══ Provided data

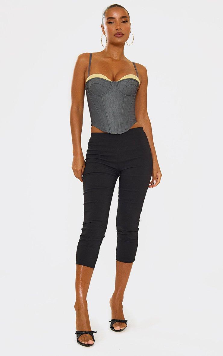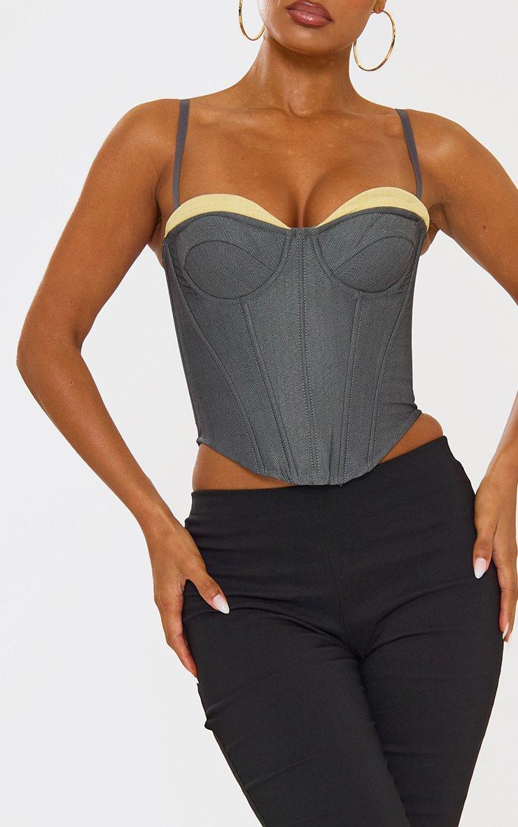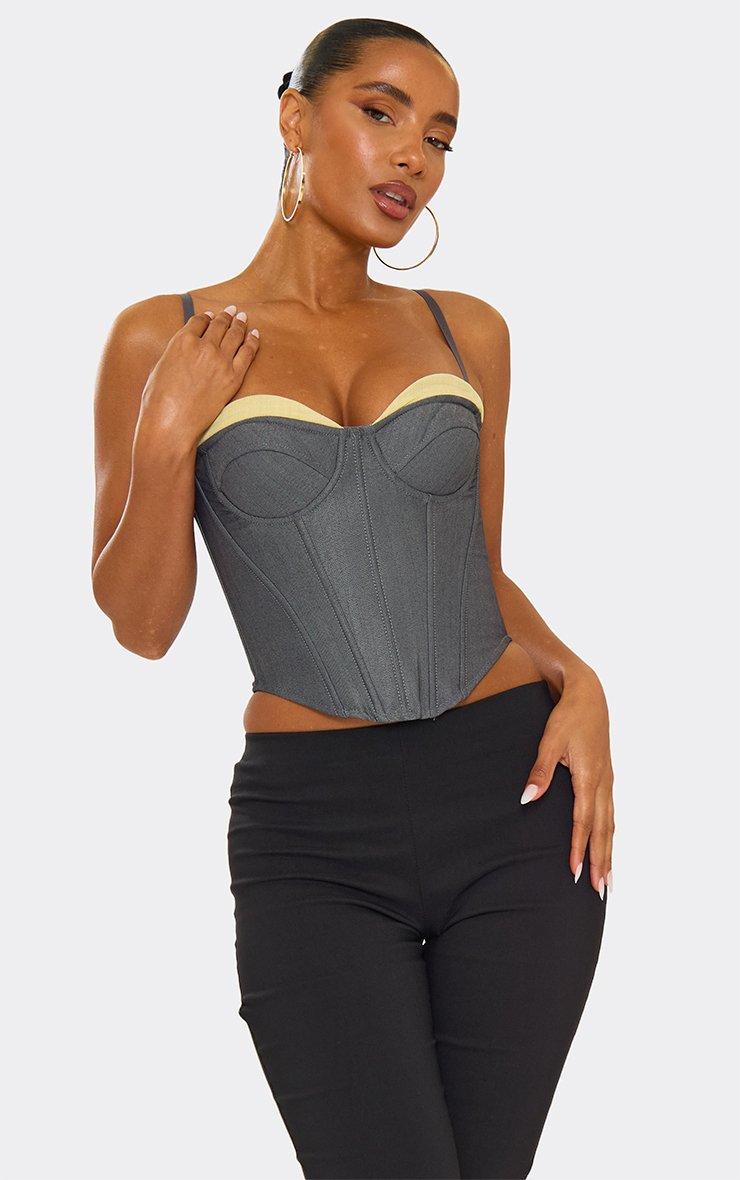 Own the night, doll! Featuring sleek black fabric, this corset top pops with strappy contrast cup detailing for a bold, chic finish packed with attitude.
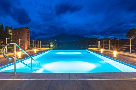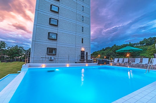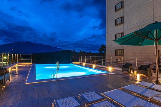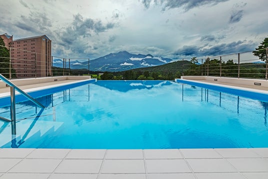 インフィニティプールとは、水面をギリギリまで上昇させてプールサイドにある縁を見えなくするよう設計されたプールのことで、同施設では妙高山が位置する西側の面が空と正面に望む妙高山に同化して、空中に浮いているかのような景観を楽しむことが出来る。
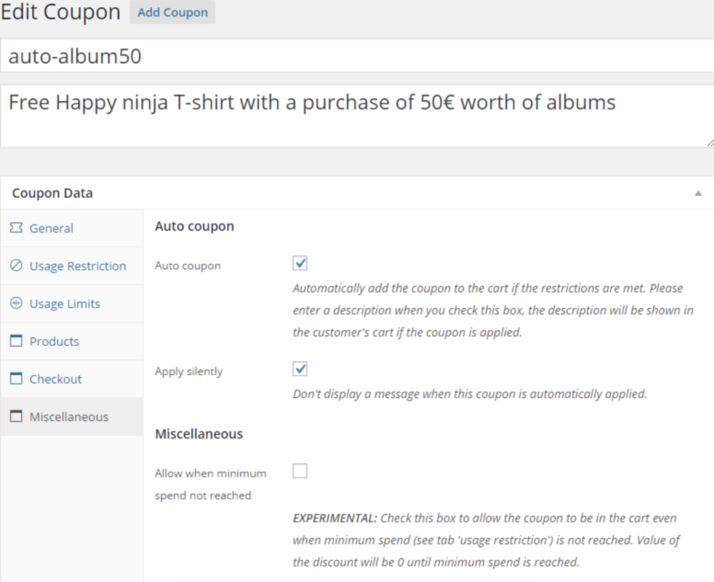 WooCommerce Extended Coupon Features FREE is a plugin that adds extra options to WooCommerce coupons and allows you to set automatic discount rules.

════

▸ **Exercise**
Exactly as given, transcribe every line of the data, but not its images.

▸ **Exercise output**
 Own the night, doll! Featuring sleek black fabric, this corset top pops with strappy contrast cup detailing for a bold, chic finish packed with attitude.
 インフィニティプールとは、水面をギリギリまで上昇させてプールサイドにある縁を見えなくするよう設計されたプールのことで、同施設では妙高山が位置する西側の面が空と正面に望む妙高山に同化して、空中に浮いているかのような景観を楽しむことが出来る。
 WooCommerce Extended Coupon Features FREE is a plugin that adds extra options to WooCommerce coupons and allows you to set automatic discount rules.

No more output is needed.